The balance of the note payable consists of the following:
March 31, 2017 | September 30, 2016 | ||||||
Principal | $ | 389,261 | $ | 396,613 | |||
Accrued interest | 3,480 | 1,161 | |||||
392,741 | 397,774 | ||||||
Less current portion | (392,741 | ) | (22,490 | ) | |||
$ | — | $ | 375,284 |
The entire amount of unpaid principal and interest was paid at the time of the sale of the property closing (See Note 7 regarding subsequent events).
Due from related party - Rancho Caymus, LLC
Rancho Caymus, LLC is owned by Rancho Caymus Holdings, LLC (50%) and George Altamura, Jr. (50%). Rancho Caymus Holdings, LLC is owned 100% by The Doctors Company.
The Company has been paying expenses on behalf of Rancho Caymus, LLC for the purpose of refurbishing Hotel Rutherford located at 1136 Rutherford Road, Rutherford CA. During the six months ended March 31, 2017, and year ended September 30, 2016, approximately $665,000 and $2,727,000, respectively, was paid on behalf of Rancho Caymus, LLC, and $500,000 and $2,650,000, respectively was repaid to the Company. The balance due from Rancho Caymus, LLC as of March 31, 2017 and September 30, 2016 was $1,045,179 and $880,455, respectively.
Due from related party - Manager
As of March 31, 2017, the Company has outstanding advances due from the manager in the amount of $10,011.
Rent expense – Members
During the six months ended March 31, 2017, the Company accrued rent expense totaling $600,000 to the members (see Note 7 regarding subsequent events).
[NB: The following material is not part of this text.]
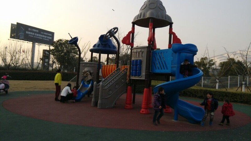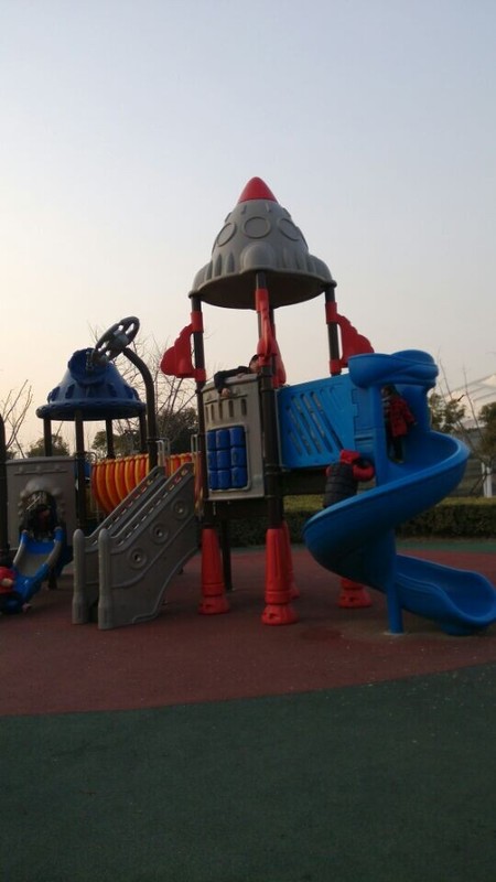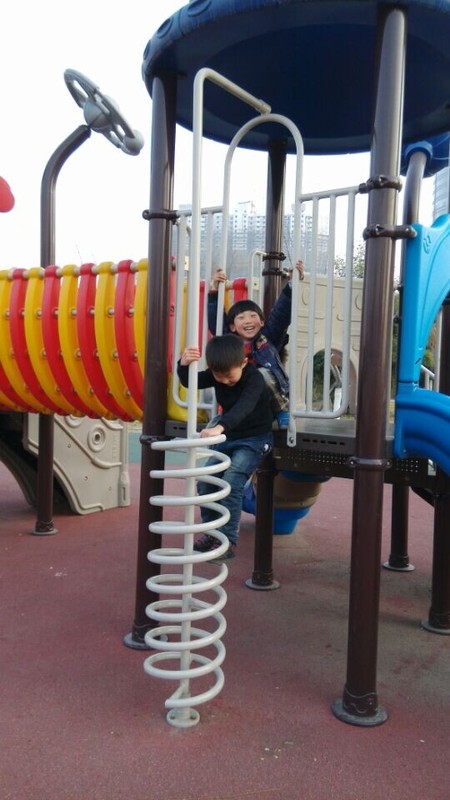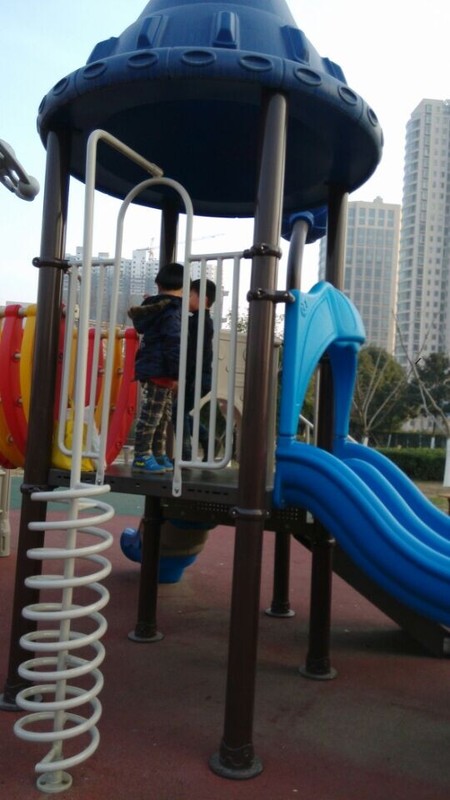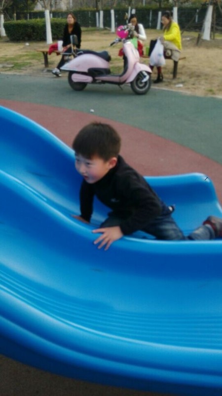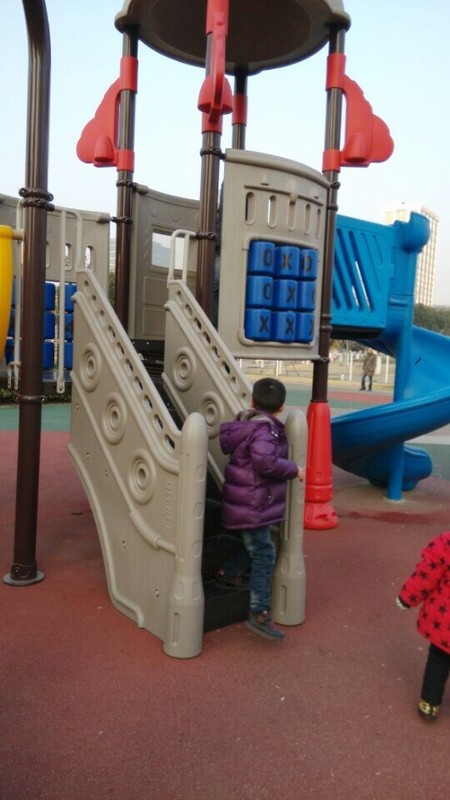 听完故事,点点就说要和同学一起去图书馆后面的游乐场玩,说是一个游乐场,就是一个室外的滑滑梯,很多小朋友在这里玩滑滑梯呢,点点同学的爸爸把我们带过去,然后就在这个滑滑梯区域疯玩了。因为玩的小朋友蛮多的,他们都可以玩到一块儿。点点和sky玩滑滑梯,看谁先到滑滑梯的顶上,别看sky小朋友人小,可是很灵活呢,一溜烟儿就到了顶上,点点总是比他慢半拍了,点点的活动能力不是很强,所以和sky在一起玩挺好的,可以提高点点的活动能力。

6. Concentration of Credit Risk
The Company maintains its cash in bank deposit accounts at a local financial institution. The balances, at times, exceed federally-insured limits. To date, the Company has not experienced any losses in such accounts.
7. Subsequent Events
The Company has evaluated subsequent events through February 20, 2018, the date on which the financial statements were available to be issued.
On January 13, 2017 and later amended effective February 28, 2017, a purchase and sale agreement was entered into for the sale of the hotel to Ashford Hospitality Prime Limited Partnership for the purchase price of $96,500,000. In accordance with the agreement, the purchase price shall be allocated $92,640,000 to the hotel real property and the balance of $3,860,000 to the personal property, including tangible and intangible property. The sale closed on May 11, 2017. As a result of the sale, all outstanding debt was paid off (see Note 5 regarding notes payable to TDC and Family and Note 2 regarding preferred distributions).
During April 2017, the outstanding rent payable to the members totaling $600,000 was paid.